Employee Performance Analytics (SQL + Python)
Analyze employee performance and departmental productivity using SQL (SQLite) for KPI aggregation and Python for analytics and visualization.
This project transforms HR data into actionable business insights, identifying high performers, efficiency trends, and departmental KPIs.
Overview
This project demonstrates how to:
- Use SQL for feature engineering and KPI calculation
- Use Python for data analysis and visualization
- Deliver data-driven HR insights in an end-to-end workflow
Objectives
- Compute department-level performance indicators
- Assess employee efficiency and attendance
- Visualize relationships between workload, tasks, and ratings
- Generate clean and ready-to-use summary reports
Project Structure
employee-performance-analytics/
├── README.md
├── requirements.txt
├── data/
│ └── employees.csv
├── src/
│ ├── create_db.py
│ ├── queries.sql
│ ├── analyze_performance.py
│ └── utils.py
└── outputs/
├── department_kpis.csv
├── performance_summary.csv
└── charts/
├── avg_rating_by_department.png
├── performance_vs_hours.png
└── task_completion_rate.png
Dataset Description
| Column | Description |
|---|---|
employee_id |
Unique employee identifier |
name |
Employee name |
department |
Department name (Engineering, Sales, etc.) |
role |
Role title |
date |
Record date (YYYY-MM-DD) |
tasks_completed |
Number of tasks completed |
hours_worked |
Hours worked on that day |
rating |
Daily performance rating (1–5) |
projects |
Active projects |
absences |
1 if absent, else 0 |
The dataset (
employees.csv) is synthetic, generated with realistic departmental trends and biases.
SQL Logic: src/queries.sql
The SQL script creates views and extracts three analytical datasets:
-
department_kpis– Department-level KPIs:- Average rating
- Tasks per department
- Total hours
- Absence rates
-
employee_summary– Individual performance summaries:- Total tasks, hours, projects, absences
- Average ratings
- Tasks per hour (efficiency)
-
daily_productivity– Day-wise workload and productivity data.
Visualizations
Average Rating by Department
Chart: outputs/charts/avg_rating_by_department.png
Insight:
- Clear variation between departments (Finance & Engineering higher, Support & Sales lower)
- Indicates which departments maintain strong consistency and performance culture.

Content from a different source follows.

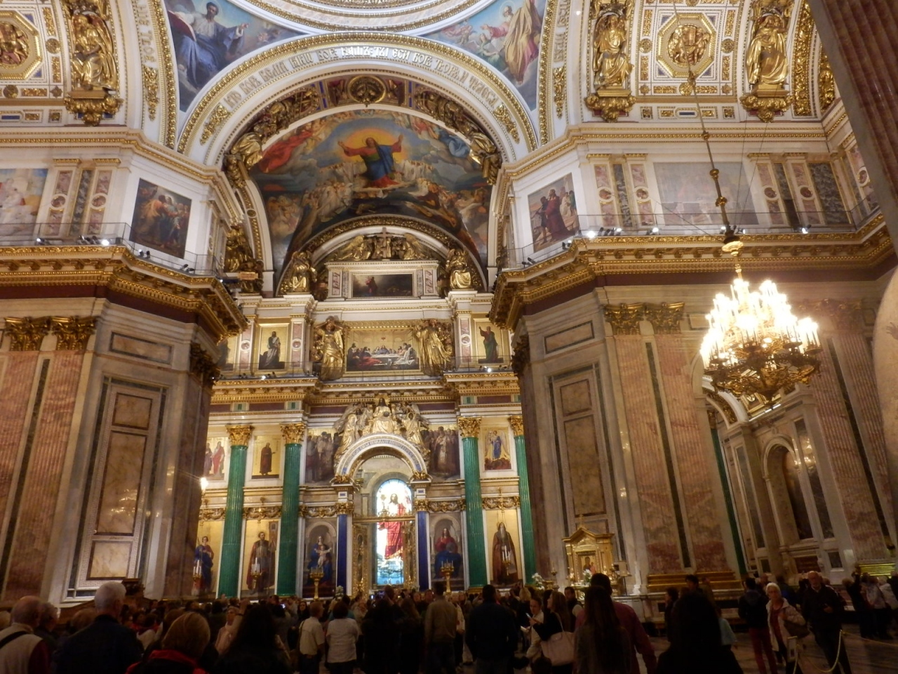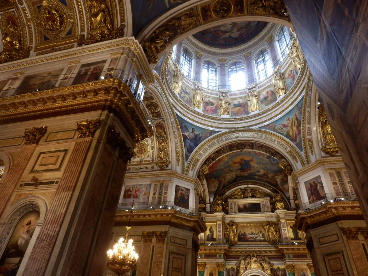 サンクトペテルブルグでは見逃せない観光スポットです。外観はどっしりとしていて質実剛健のような印象でしたが、中に入るとまた違った印象で、天井画の美しさに見とれてしまいました。
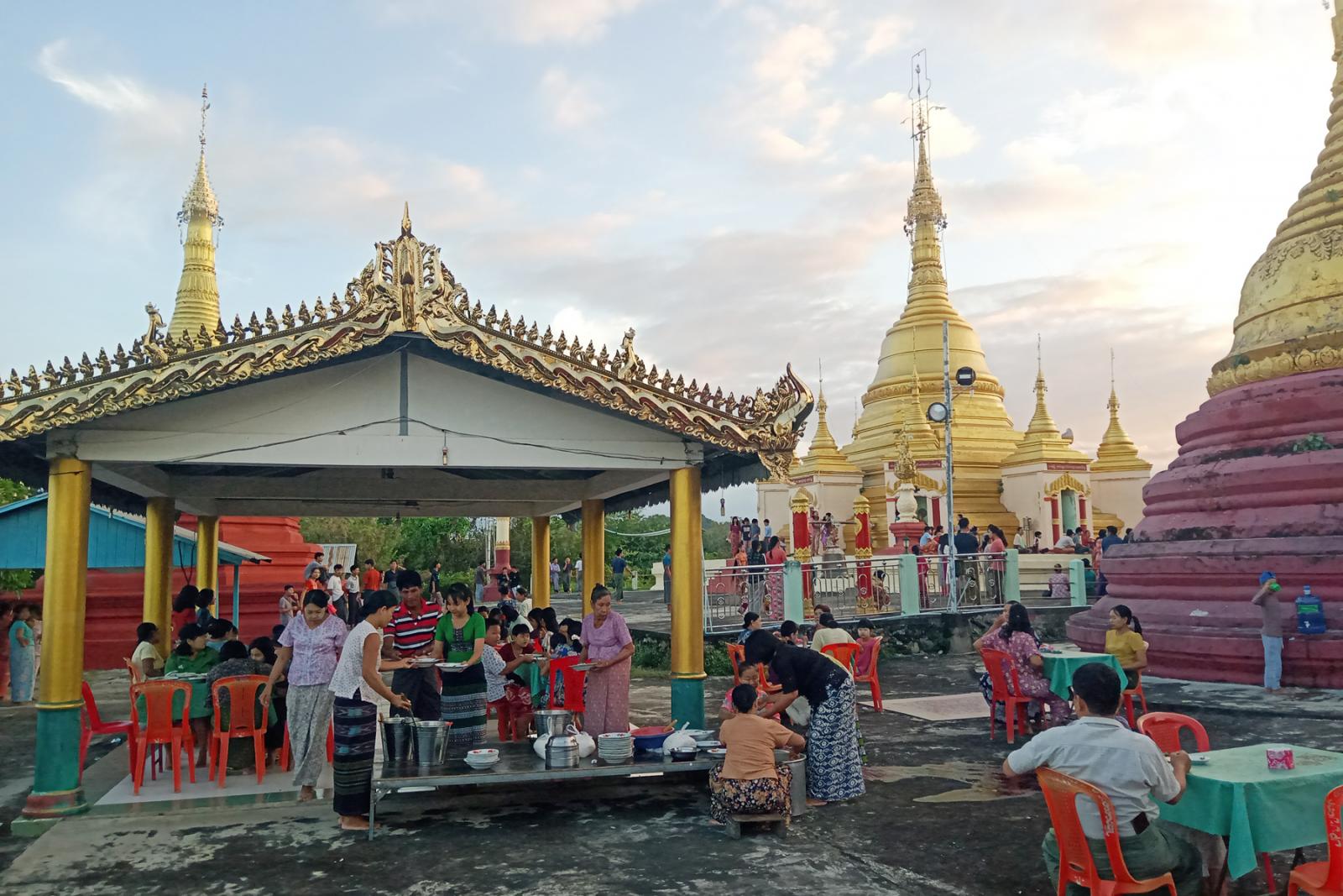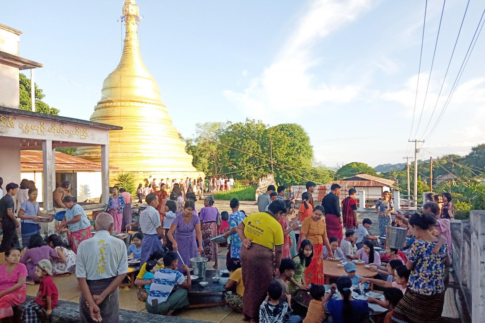 အဆိုပါ ဘုရား ပုထိုး စေတီများတွင် ဆီမီး၊ ပန်း၊ ရေချမ်းဆက်ကပ်လှူဒါန်းခြင်းတို့ဖြင့် ဘုရားဖူးလာရောက်သူများ စည်ကားလျက်ရှိပြီး ဘုရားဖူးလာရောက်ကြသည့် ဧည့်ပရိတ်သတ်များအား စေတနာရှင် အလှူရှင်များက မုန့်ဟင်းခါး၊နို့စိမ်းခေါက်ဆွဲ၊ ကြာဇံဟင်းခါး၊ ပေါင်မုန့်အုန်းနို့ဆမ်းအစရှိသည့် မြန်မာ့ရိုးရာ အစားအစာများဖြင့် စတုဒီသာ ကုသိုလ်ပြုလှူဒါန်းခဲ့ကြကြောင်း သိရသည်။

Performance vs Hours Worked
Chart: outputs/charts/performance_vs_hours.png
Insight:
- Positive correlation: higher hours → more tasks (up to a plateau)
- Clusters show standard workloads; outliers can reveal inefficiency or exceptional performers.
Task Completion Rate Distribution
Chart: outputs/charts/task_completion_rate.png
Insight:
- Most employees average around 1 task/hour
- High performers exceed 1.4, low performers under 0.8
- Useful for spotting training needs or recognizing excellence.
Getting Started
Create Virtual Environment
python -m venv .venv
# Windows
.venv\Scripts\activate
# macOS/Linux
source .venv/bin/activate
Install Dependencies
pip install -r requirements.txt
Load Data into SQLite
python src/create_db.py --csv data/employees.csv --db hr.db
Run Analysis
python src/analyze_performance.py --db hr.db --sql src/queries.sql --outdir outputs
All CSV reports and charts will be saved in the outputs/ directory.
Key Insights
- Department-level performance gaps can reveal resource or leadership factors.
- Efficiency distribution (tasks/hour) identifies both low performers and power users.
- Workload-to-performance trends help balance effort vs productivity.
- Absence tracking adds HR alignment to the analysis.
Tools Used
| Tool | Purpose |
|---|---|
| Python (pandas, matplotlib) | Data manipulation & visualization |
| SQLite | Querying & KPI computation |
| SQL | Feature engineering & aggregation |
| Jupyter / VS Code | Development & presentation |
Project Value
This project demonstrates:
- SQL + Python integration for analytics
- Data storytelling and visualization
- Human Resource analytics capability
- Clean, modular, and reproducible data science workflow